Author Contributions
J.Y.H. developed PrimeDesign. A.V.A., J.G., and K.C.L provided feedback during the development of PrimeDesign. M.W.S. contributed to the ClinVar analysis. L.P., J.K.J., and D.R.L. supervised the project and provided feedback and guidance. J.Y.H., L.P., J.K.J., and D.R.L. wrote the manuscript with input from all other authors.
Competing Financial Interests
J.K.J. has financial interests in Beam Therapeutics, Editas Medicine, Excelsior Genomics, Pairwise Plants, Poseida Therapeutics, Transposagen Biopharmaceuticals, and Verve Therapeutics (f/k/a Endcadia). J.K.J.’s interests were reviewed and are managed by Massachusetts General Hospital and Partners HealthCare in accordance with their conflict of interest policies. J.K.J. is a member of the Board of Directors of the American Society of Gene and Cell Therapy. J.K.J. is a co-inventor on patents and patent applications that describe various gene editing technologies. D.R.L. is a consultant and co-founder of Prime Medicine, Beam Therapeutics, Pairwise Plants, and Editas Medicine, companies that use genome editing. L.P. has financial interests in Edilytics. L.P.’s interests were reviewed and are managed by Massachusetts General Hospital and Partners HealthCare in accordance with their conflict of interest policies.
Methods
PrimeDesign analysis on ClinVar variants
The ClinVar database was accessed April 8th 2020. Variants were filtered with the following conditions: 1) included a valid GRCh38/hg38 coordinate 2) labeled as Pathogenic for the column “ClinicalSignificance” 3) contained a unique identifier determined by the concatenation of columns “Name,” “RS# (dbSNP),” and “VariationID.” All variants with ambiguous IUPAC code were converted into separate entries with non-ambiguous bases for downstream analysis. Following these steps, the total number of ClinVar variants totaled 69,481. Sequence inputs were formatted for all entries for both the installation and correction of these pathogenic variants. After running PrimeDesign on the ClinVar variants, candidate pegRNA designs were filtered with two criteria: 1) maximum RTT length of 34 nt and 2) minimum homology of 5 nt downstream of the edit. The pegRNAs with PAM disrupted annotations have mutations in the dinucleotide GG of the NGG motif, and the ngRNAs with PE3b, PE3b non-seed, and PE3b seed annotations have mismatches anywhere in the protospacer, mismatches outside of PAM-proximal nucleotides 1-10, or mismatches within PAM-proximal nucleotides 1-10, respectively.

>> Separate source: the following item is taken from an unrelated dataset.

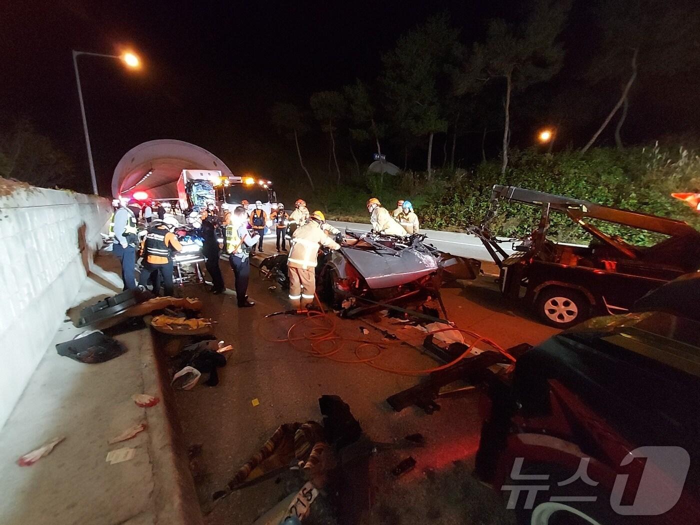 3일 전북자치도 임실 관촌면 순천완주고속도로 89.7㎞ 지점에서 차량 3대가 추돌하는 사고가 발생해 1명이 숨졌다.(전북자치도소방본부 제공) 2024.11.4/뉴스1 신준수 기자관련 키워드전북경찰고속도로추돌사고관련 기사전국 뒤덮은 안개·미세먼지…항공기도 못 뜨고 차량 '쾅'(종합)서해안 고속도로 '짙은 안개 커튼'…4중 추돌·역주행 2명 중·경상'졸음운전에' 사고 수습하던 경찰관 등 참변…운전자 입건(종합)서해안고속도로서 사고 수습하던 경찰관 등 2명 차에 치여 숨져새벽 통영대전고속도로서 트럭·윙바디 등 3대 추돌…1명 중상 이송

Construction of PrimeVar database
The filtered ClinVar variants from the PrimeDesign analysis were used to build a comprehensive database of candidate pegRNA and ngRNA combinations. Prime editing designs are available to install and correct the pathogenic human genetic variants. PrimeDesign was run with a PBS length range of 10-17 nt, RTT length range of 10-80 nt, and ngRNA distance range of 0-100 bp. All of the pegRNA and ngRNA designs for each variant are stored on PrimeVar (http://primedesign.pinellolab.org/primevar).
Acknowledgements
L.P. is supported by the National Human Genome Research Institute (NHGRI) Career Development Award (R00HG008399), Genomic Innovator Award (R35HG010717) and CEGS RM1HG009490. J.K.J. is supported by NIH R35 GM118158, NIH RM1 HG009490, the Robert B. Colvin, M.D. Endowed Chair in Pathology, and the Desmond and Ann Heathwood MGH Research Scholar Award. D.R.L. is supported by the Merkin Institute of Transformative Technologies in Healthcare, US NIH grants U01AI142756, RM1HG009490, R01EB022376, and R35GM118062, and the HHMI. A.V.A. acknowledges a Jane Coffin Childs postdoctoral fellowship. J.G. was funded by the Deutsche Forschungsgemeinschaft (DFG, German Research Foundation) – Projektnummer 416375182.